● Task to carry out
Nothing but the lines from the top of the records through the line with "This liquid propane" should be returned, exactly, and without pictures.

● Provided entries
·····

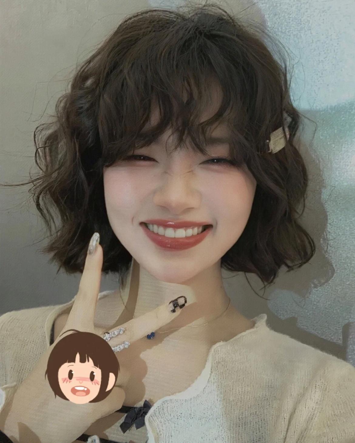 气垫烫 短款烫发更适合发质比较软塌的妹子,因为它剪出来的时候会让发型更加的蓬松,自带一种蓬松效果,会更加有型,而且比较容易打理。
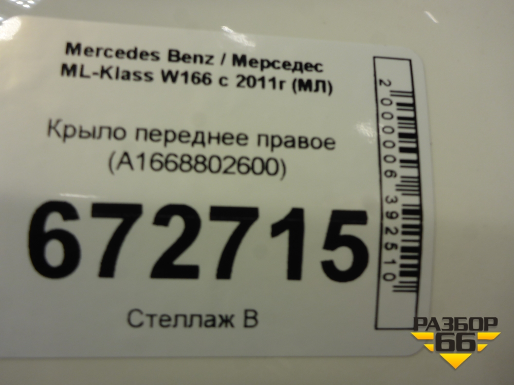 Крыло переднее правое (A1668802600) для Mercedes Benz ML-Klass W166 c 2011г (МЛ) в Перми
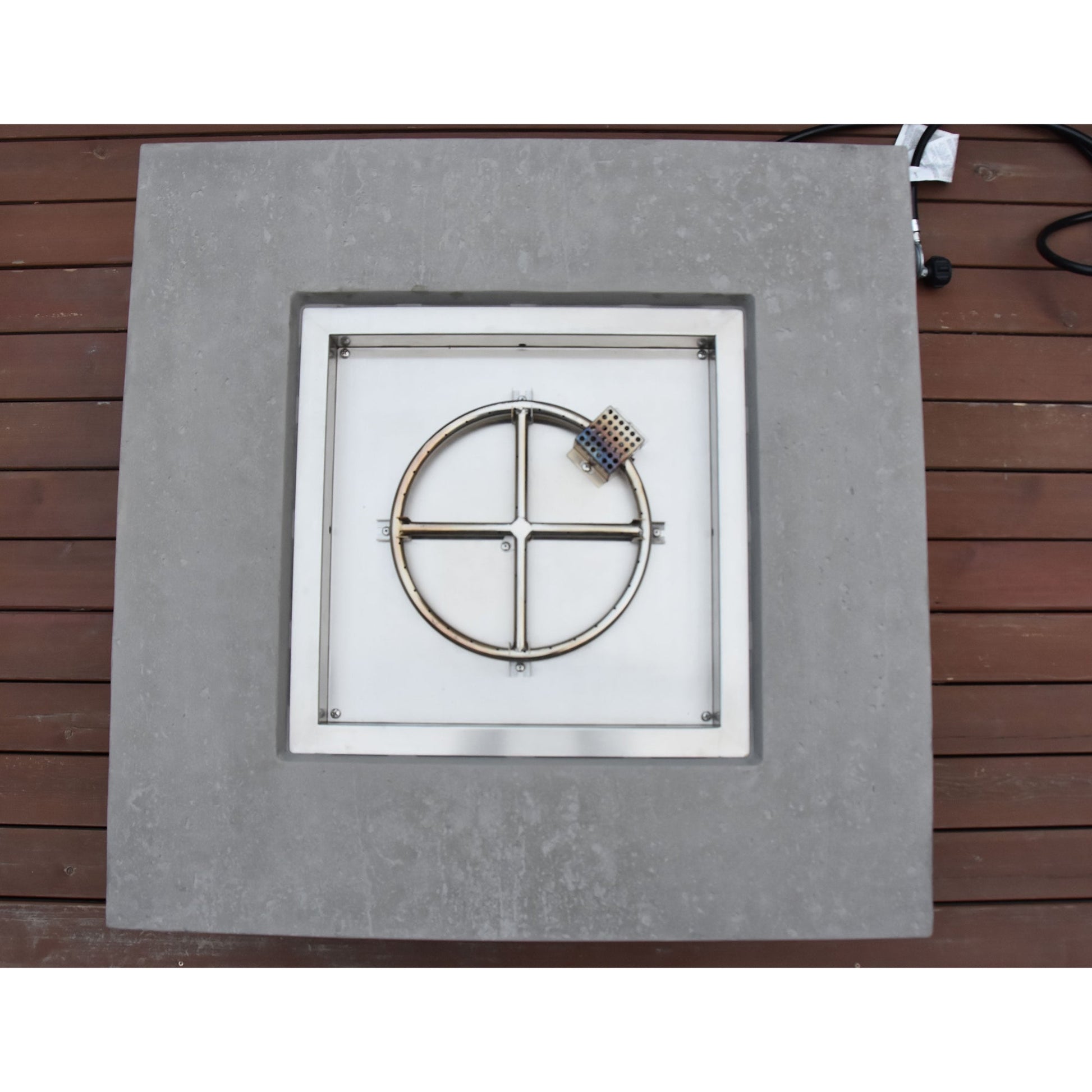 This liquid propane fire pit table features a heavy-duty design that's ideal for the backyard, patio, deck, poolside, or other outdoor living spaces. Using standard 20-pound propane gas tanks (not included) for fuel, the burner produces up to 45,000 BTUs, perfect for a safe and warm bonfire experience, regardless of the season. The pit itself is made of strong and durable glass fiber reinforced concrete, giving a textured, ornate finish. The 16-gauge, 304 stainless steel burner pan and ring contain the harshest flames, allowing yourself and others to enjoy the fire from a safe distance. Whether used as an outdoor dining table or patio coffee bar, this square-shaped table is engineered for your comfort.
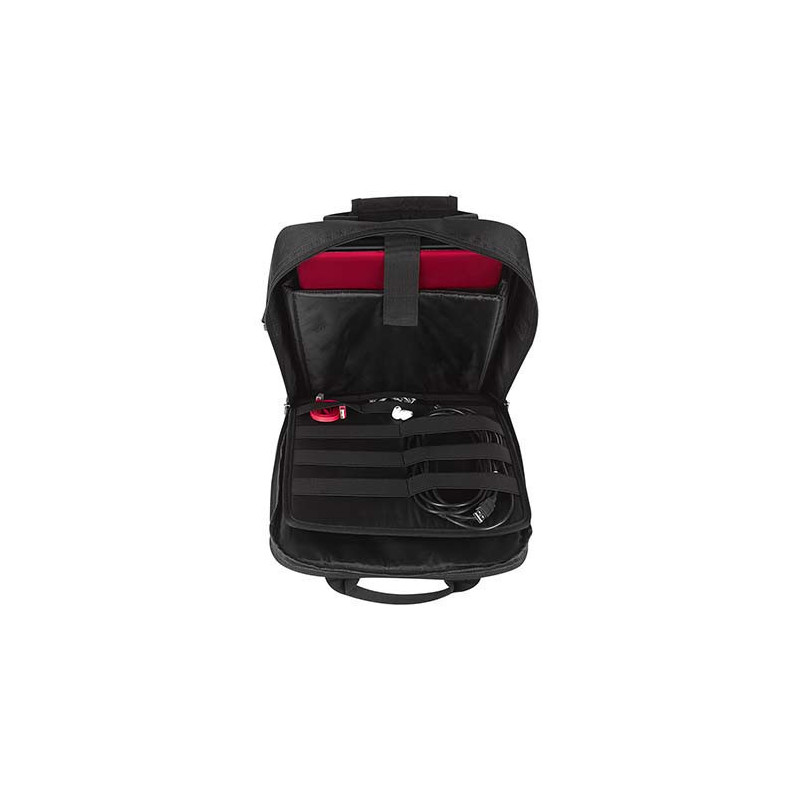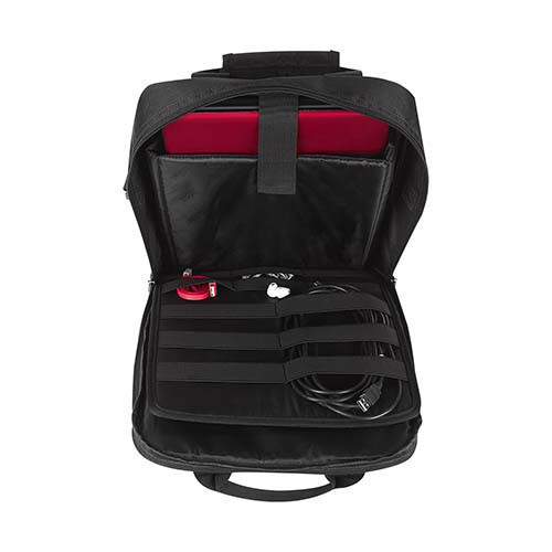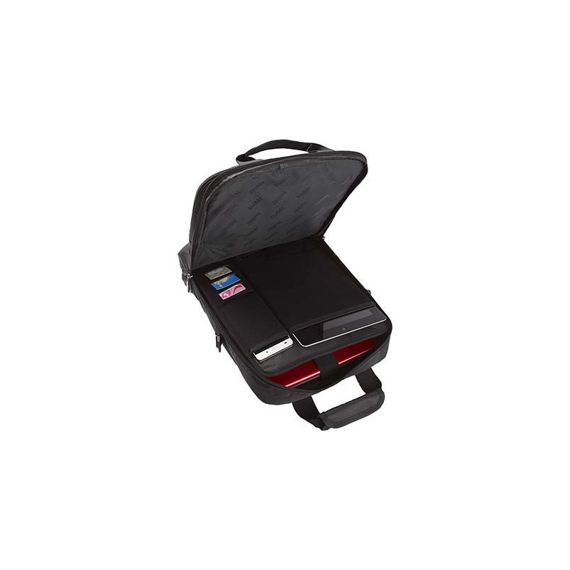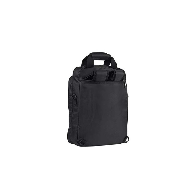 Mochila-portafolio. 2 Bolsas frontales, una con cierre en forro para facilitar bordado. Bolsa principal con espacio para laptop y organizador removible para cables, tablet, smartphone y tarjetas. Parte trasera con cierre para esconder tirantes removibles. Incluye asas y correa ajustable.
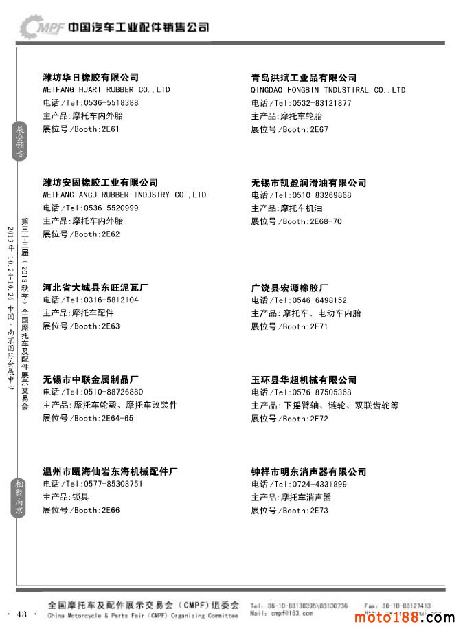 第33屆春季(濟南)全國摩托車及配件展示交易會參展企業名錄
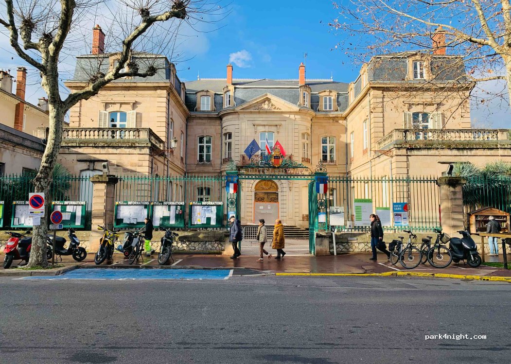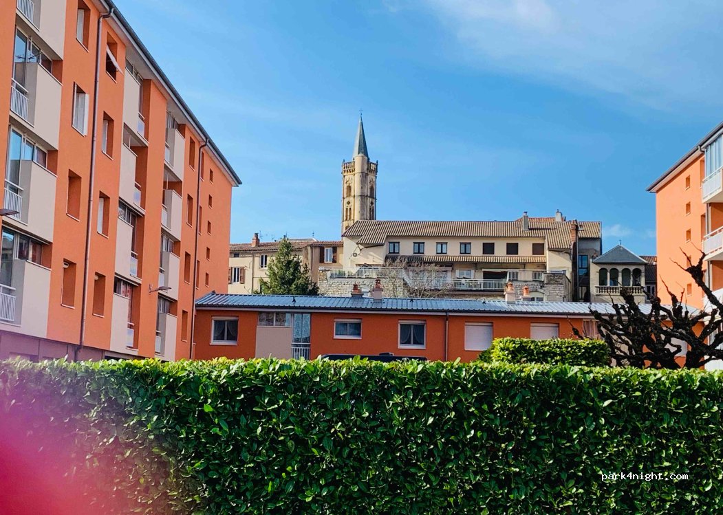 Parking near the city center for motorhomes. Toll parking. The name is Parking du Prieur. Peaceful place.
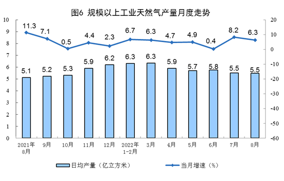 1—8月份,生产天然气1437亿立方米,同比增长5.5%。进口天然气7105万吨,同比下降10.2%。

·····

● Exercise result
 气垫烫 短款烫发更适合发质比较软塌的妹子,因为它剪出来的时候会让发型更加的蓬松,自带一种蓬松效果,会更加有型,而且比较容易打理。
 Крыло переднее правое (A1668802600) для Mercedes Benz ML-Klass W166 c 2011г (МЛ) в Перми
 This liquid propane fire pit table features a heavy-duty design that's ideal for the backyard, patio, deck, poolside, or other outdoor living spaces. Using standard 20-pound propane gas tanks (not included) for fuel, the burner produces up to 45,000 BTUs, perfect for a safe and warm bonfire experience, regardless of the season. The pit itself is made of strong and durable glass fiber reinforced concrete, giving a textured, ornate finish. The 16-gauge, 304 stainless steel burner pan and ring contain the harshest flames, allowing yourself and others to enjoy the fire from a safe distance. Whether used as an outdoor dining table or patio coffee bar, this square-shaped table is engineered for your comfort.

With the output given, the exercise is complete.